*** Information provided Section Begins ***

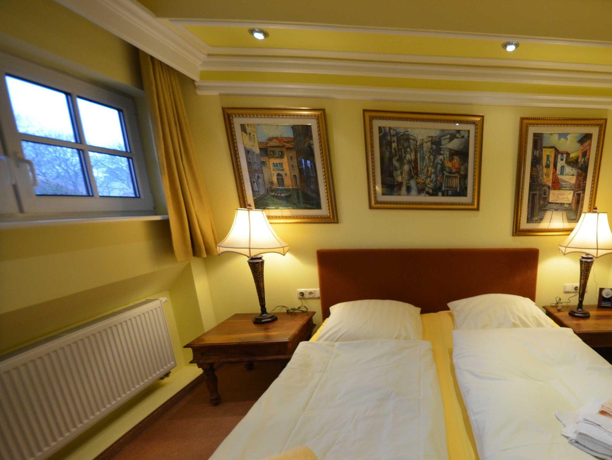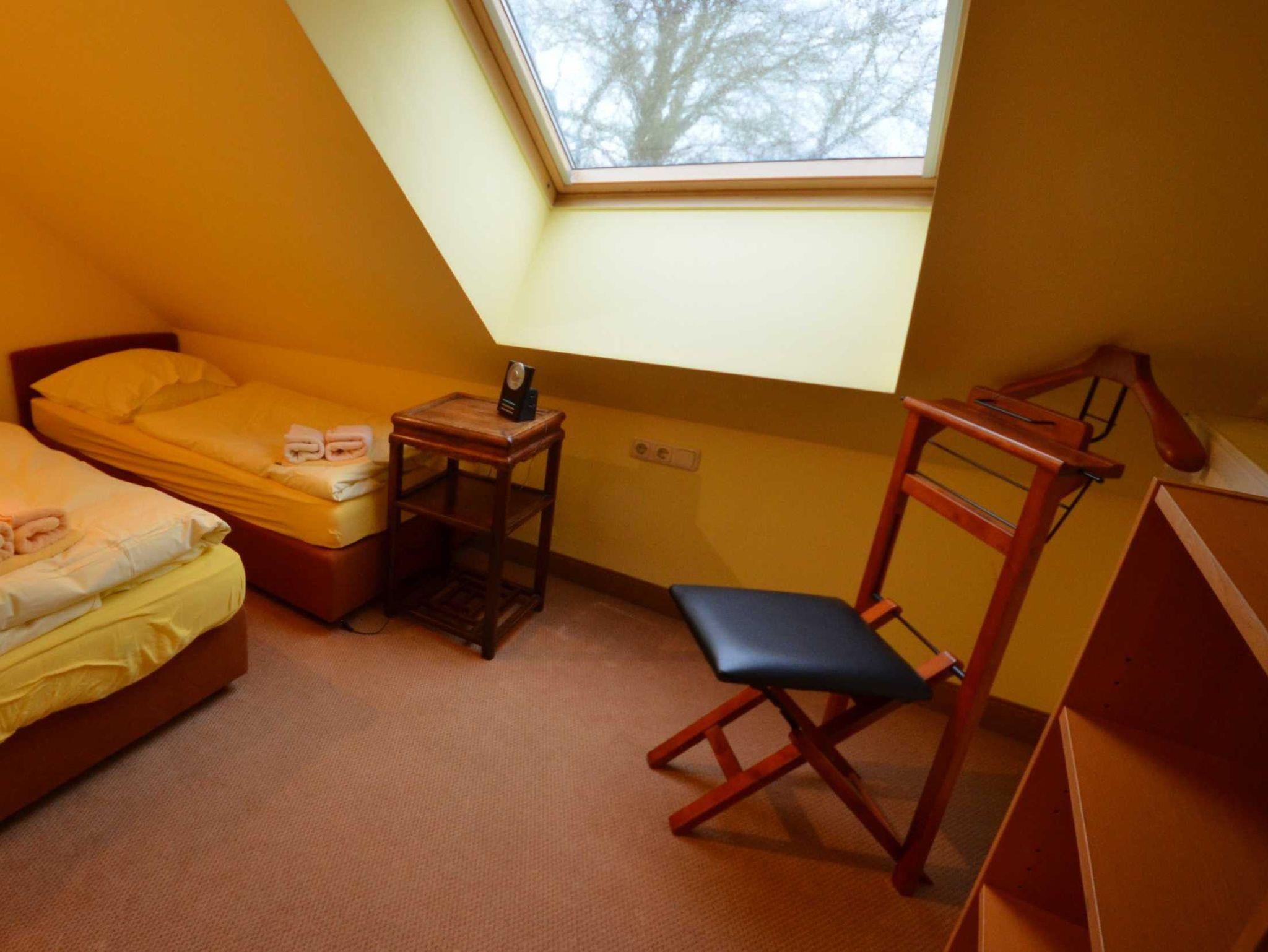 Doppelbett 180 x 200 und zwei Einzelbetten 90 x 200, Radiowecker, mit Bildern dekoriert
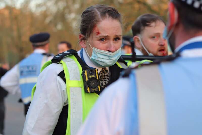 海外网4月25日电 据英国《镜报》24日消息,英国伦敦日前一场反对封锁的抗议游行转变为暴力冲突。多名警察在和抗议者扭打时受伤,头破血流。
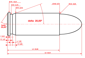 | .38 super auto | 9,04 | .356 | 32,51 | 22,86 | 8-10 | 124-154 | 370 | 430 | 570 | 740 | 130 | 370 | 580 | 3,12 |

*** Information provided Section Ends ***
*** Information provided Section Begins ***

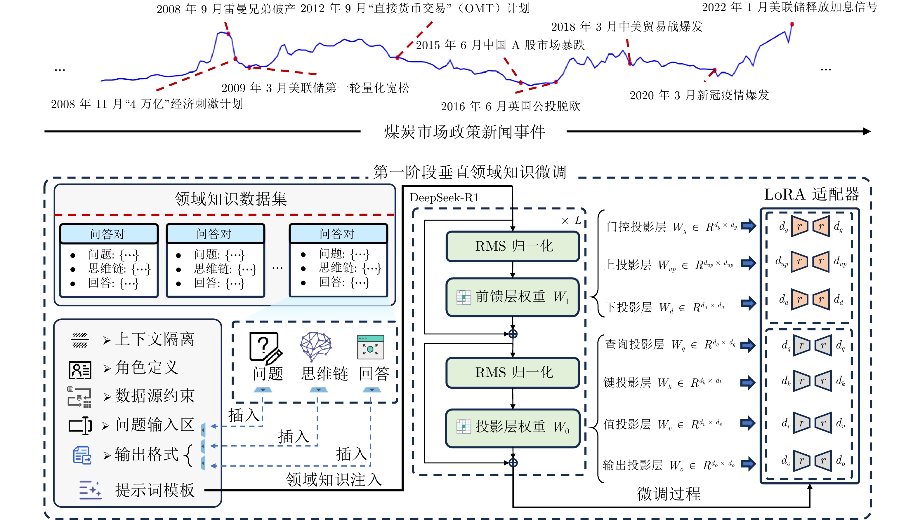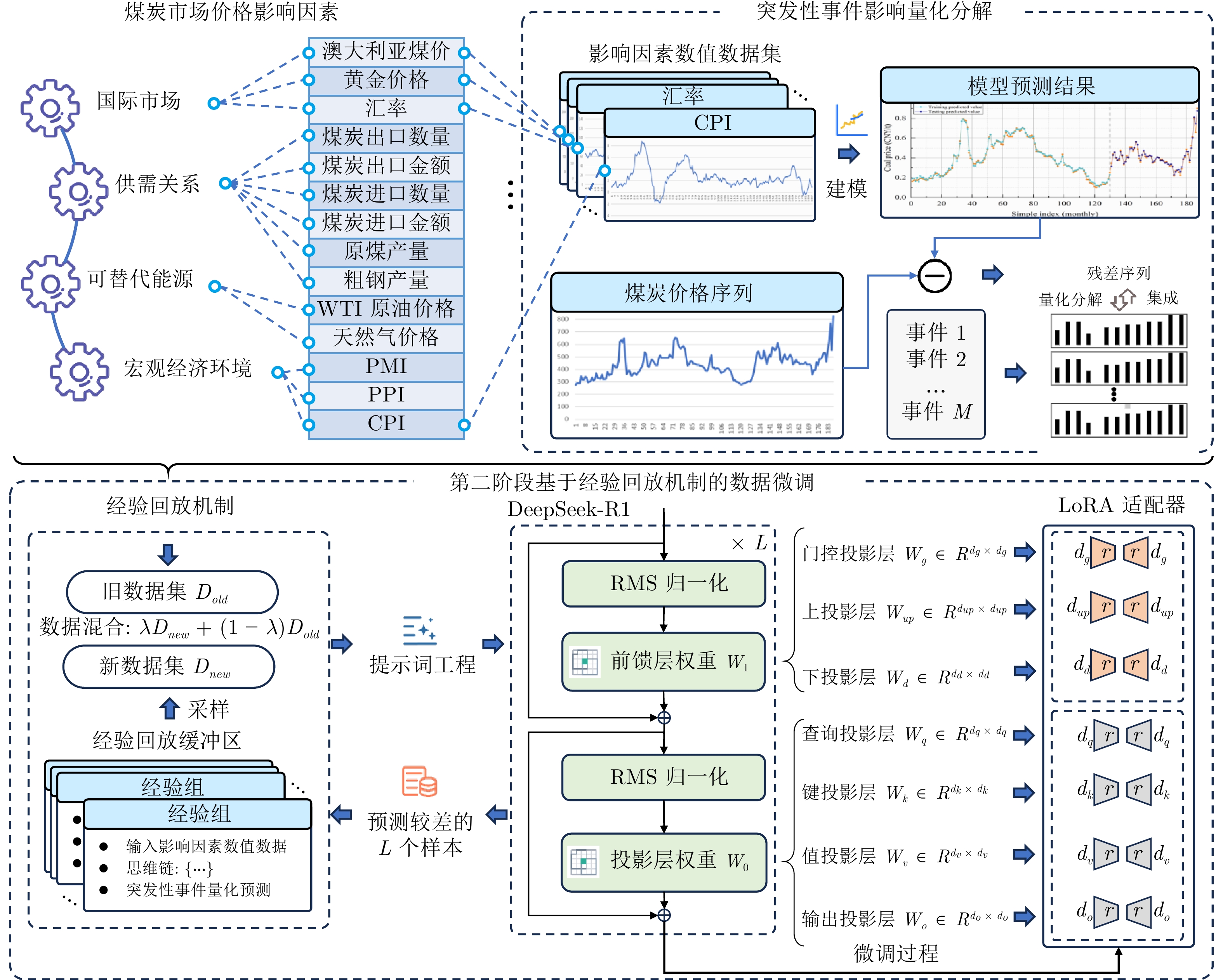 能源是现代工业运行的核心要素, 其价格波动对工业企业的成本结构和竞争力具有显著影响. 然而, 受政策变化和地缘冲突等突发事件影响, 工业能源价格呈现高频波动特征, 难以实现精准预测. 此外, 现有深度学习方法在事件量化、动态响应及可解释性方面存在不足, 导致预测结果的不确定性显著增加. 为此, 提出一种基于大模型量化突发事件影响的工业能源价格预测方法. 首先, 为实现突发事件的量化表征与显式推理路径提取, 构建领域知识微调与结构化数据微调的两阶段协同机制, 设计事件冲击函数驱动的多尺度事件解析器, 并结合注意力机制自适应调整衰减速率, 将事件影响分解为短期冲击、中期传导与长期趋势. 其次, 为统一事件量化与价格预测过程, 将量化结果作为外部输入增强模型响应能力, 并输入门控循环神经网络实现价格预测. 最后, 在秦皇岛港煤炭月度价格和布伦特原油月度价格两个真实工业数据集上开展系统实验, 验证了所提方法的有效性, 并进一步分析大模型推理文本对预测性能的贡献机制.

*** Information provided Section Ends ***

Activity: Reproduce, word for word, everything in the listing above from the line containing "海外网4月25日电 据英国《" down to the line containing "580 | 3,12 |", both of them included. No pictures.

Response to the task:
 海外网4月25日电 据英国《镜报》24日消息,英国伦敦日前一场反对封锁的抗议游行转变为暴力冲突。多名警察在和抗议者扭打时受伤,头破血流。
 | .38 super auto | 9,04 | .356 | 32,51 | 22,86 | 8-10 | 124-154 | 370 | 430 | 570 | 740 | 130 | 370 | 580 | 3,12 |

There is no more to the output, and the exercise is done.